Faktor kontak/hubungan yang berpengaruh terhadap kejadian penyakit Tuberkulosis antara lain :

  • Lama kontak
  • Keeratan kontak

Penelitian Musdad (2002) di Tangerang melaporkan bahwa rumah tangga yang penderitanya memiliki kebiasan tidur dengan balita mempunyait risiko 2,8 kali dibandingkan yang tidurnya terpisah. Risiko terjadinya Tuberkulosis paru pada Balita yang dirumahnya ada penderita Tuberkulosis paru sebesar 49,762 kali dibandingkan yang tidak ada penderita Tuberkulosis. (Suhardi, 2006).
Kegiatan yang bisa dilakukan adalah dengan memberikan sosiallisasi kepada penderita dan keluarga untuk mengurangi berdekatan dalam jarak yang bisa dijangkau tangan atau memberikan penutup mulut kepada penderita Tuberkulosis paru BTA (+) serta tidak tidur dalam satu kamar untuk menghindari penularan.

3. Sumber penularan

Sumber penularan yang berpengaruh terhadap kejadian penyakit Tuberkulosis antara lain :

  • Sumber penularan serumah
  • Sumber penularan tidak serumah

Penelitian Musadad (2002) di Tangerang dilaporkan angka kejadian penularan Tuberkulosis paru didalam rumah tangga sebesar 13 % (33 kasus). Faktor keberadaan penderita Tuberkulosis paru serumah dengan penderita lebih dari 1 sebesar 4 kali.

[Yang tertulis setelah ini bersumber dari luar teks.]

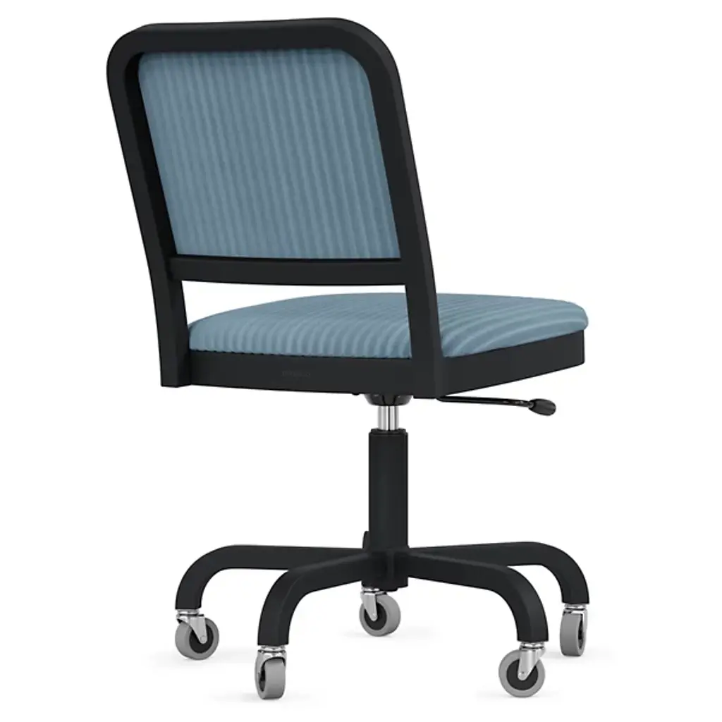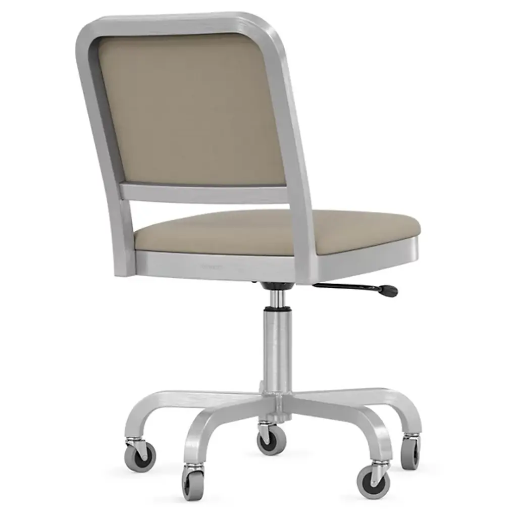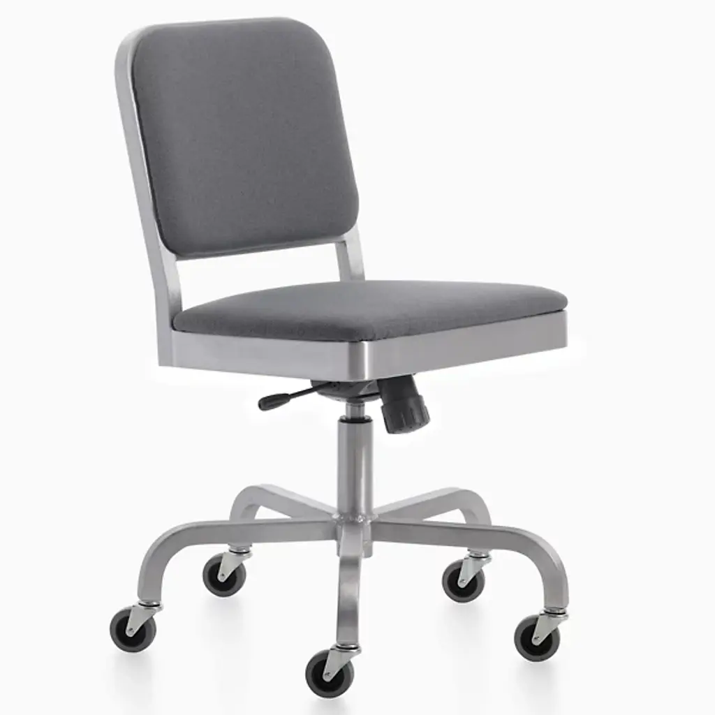 A time-honored silhouette dressed for the modern sensibility. The Navy Officer Swivel Chair from Emeco gets one rolling with comfortable curves and sumptuous materials. Jasper Morrison brings a ‘super normal’ design approach that sees shape and character balanced with tension and expression. Here, caster wheels glide across the floor while mounted to an elegant star base. An understated handle under the seat lets one adjust the height. The metal shell on top makes a statement with a classic Navy chair silhouette, one defined by soft, supportive fabric in contrasting colors.

4. Kondisi fisik lingkungan rumah tempat tinggal

Kondisi fisik lingkungan tempat tinggal yang sehat akan mengurangi risiko terhadap kejadian penyakit Tuberkulosis. Syarat-syarat rumah yang sehat, antara lain (Depkes, 1999) :

  • Kondisi lantai rumah
    Kondisi lantai ubin atau semen adalah lebih baik daripada lantai tanah. Syarat terpenting adalah tidak berdebu dan basah atau lembab karena sebagai sarang penyakit.

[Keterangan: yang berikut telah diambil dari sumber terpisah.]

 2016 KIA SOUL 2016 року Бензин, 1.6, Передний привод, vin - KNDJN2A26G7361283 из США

  • Pencahayaan rumah dan kamar
    Rumah yang sehat memerlukan cahaya yang cukup, tidak kurang dan tidak terlalu banyak. Kurangnya cahaya yang masuk ke dalam rumah, terutama cahaya matahari disamping kurang nyaman, juga merupakan media atau tempat yang baik untuk hidup dan berkembangnya bibit penyakit, seperti bakteri Tuberkulosis paru. Sebaliknya terlalu banyak cahaya akan menyebabkan silau dan akhirnya merusak mata.

    Pencahayaan yang memenuhi syarat sebesar 60 – 120 lux. Luas jendela yang baik minimal 10 - 20 dari luas lantai.

  • Ventilasi rumah dan kamar
    Ventilasi mempunyai banyak fungsi, antara lain :

    1. Untuk menjaga aliran O2 (oksigen) dalam rumah tetap terjaga, sehingga menimbulkan udara segar didalam rumah,

    2. Untuk membebaskan udara ruangan dari bakteri-bakteri pathogen,

    3. Untuk menjaga agar ruangan rumah selalu tetap dalam kelembaban optimum.

    Ukuran ventilasi minimum yang memenuhi syarat sehat adalah 10 % dari luas lantai.

  • Suhu udara
    Suhu udara didalam rumah berfungsi untuk memberikan rasa nyaman pada penghuninya. Kualitas udara dalam rumah yang memenuhi syarat adalah bertemperatur 18o – 30oC

  • Kelembaban udara
    Kelembaban udara merupakan salah satu media yang baik untuk berkembangbiaknya bakteri-bakteri pathogen didalam rumah. Kelembaban udara yang optimum dan memenuhi syarat sehat berkisar 40% - 70%

  • Kepadatan penghuni rumah
    Luas lantai bangunan rumah sehat harus cukup untuk penghuni didalamnya. Artinya luas lantai bangunan tersebut harus disesuaikan dengan jumlah penghuninya. luas bangunan yang tidak sebanding dengan jumlah penghuninya akan menyebabkan overcrowded . kondisi ini tidak sehat, sebab disamping menyebabkan kurangnya konsumsi O2 juga bila salah satu anggota keluarga terkena penyakit infeksi, akan mudah menular kepada anggota keluarga yang lain. Luas bangunan yang optimum adalah apabila dapat menyediakan 2,5 – 3m2 untuk tiap anggota keluarga.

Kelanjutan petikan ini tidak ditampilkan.